You may find a local machinist to do a stock rebuild cheaper and if that suits your needs fine, but u find a lot of folks don’t know what they are doing. I had a stock valve job done on my 65 389 in 1990. Just swapped cams and went to checking seal to retainer clearance . Found the Teflon valve seals he installed were kissing the retainers on the stock 067 cam (.406 lift) . When he cut down the guide tops for the seals the exhaust guides were left .090” higher than intake. I had to go back to oring seals on the exhaust and use short comp cams retainers on intakes to make it work… and this cam should have worked with stock valves and springs


----------



## Droach6498 (Nov 1, 2020)

Im having my 400 block bored , decked rebuilt by machinist for about $2000 no parts he also sonic tested it and has worked on the heads. The 84cc heads from KRE were $2400, rest of parts to rebuild around $4000. Not including carbureator, exhaust, starter, installation and all kinds of misc parts, plugs, wires, distr etc.. when you get it is it ready to run? also ask how long I took this motor to him in July I wont get it until March April, parts can be scarce and hes super busy. Which Im not complaining Ive done a ton of work on the car. Just replaced the body mounts. Highly recommend fairly ez job.


----------



## bluemist slate (Aug 30, 2021)

$7k! I sure am glad I build all my vintage engines myself only pay for machine work and parts!


----------



## PontiacJim (Dec 29, 2012)

bluemist slate said:


> $7k! I sure am glad I build all my vintage engines myself only pay for machine work and parts!

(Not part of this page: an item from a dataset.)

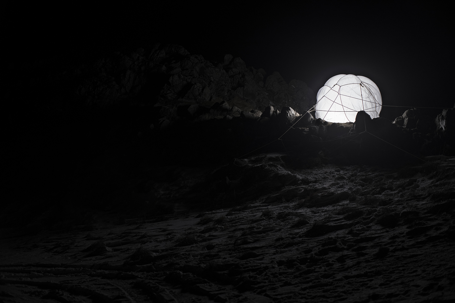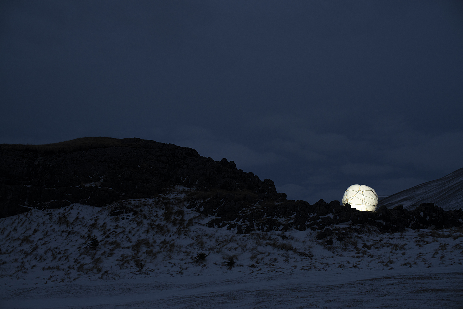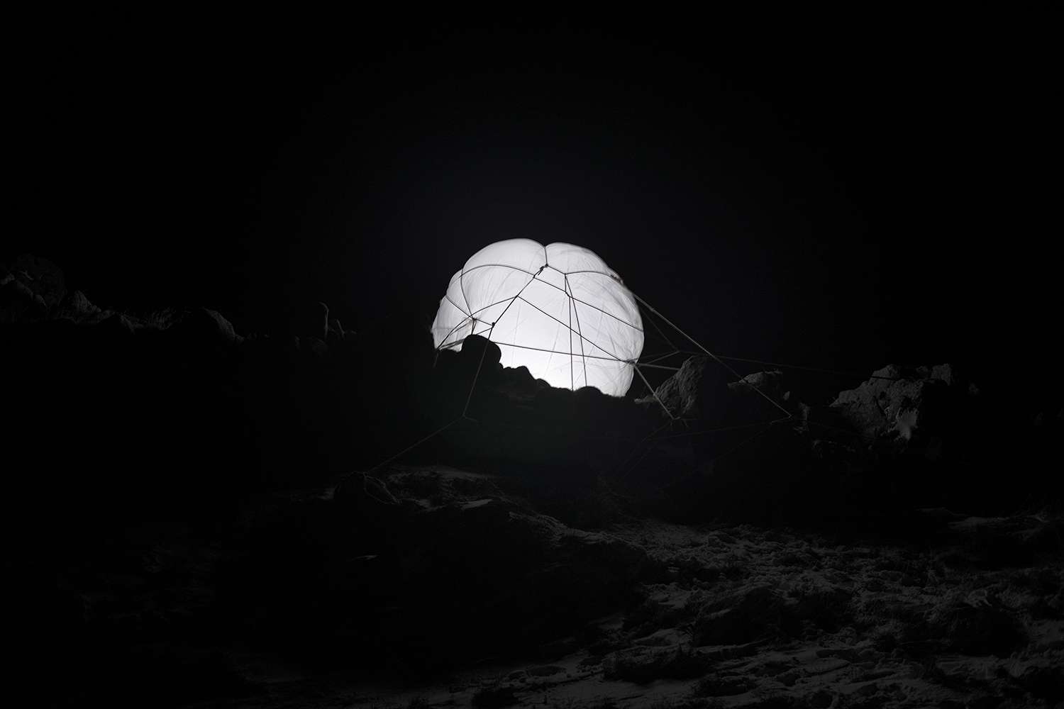 A luminous sphere, bound to the ground with rope and wrapped in plastic sheeting, emits a glow that activates the surrounding landscape. Its intensity responds to real-time solar and geomagnetic activity: as disturbances increase and the aurora becomes likely, the orb dims almost to black.

Well don't keep us all in suspense. List for us what you replace in one of your Pontiac rebuilds, the costs of your selected parts, the labor for machine shop services, and if you assemble the engine yourself, give us an estimate of what a shop would charge as many do not rebuild their own engines(to include removal and re-installation of the engine in the car).

Curious to see what your figure comes up to as measured against a 7K build.


----------



## 4856ronaldp (Nov 9, 2020)

Hey guys.....looking for a repidable pontiac engine builder in CT.


----------



## Jared (Apr 19, 2013)

4856ronaldp said:


> Hey guys.....looking for a repidable pontiac engine builder in CT.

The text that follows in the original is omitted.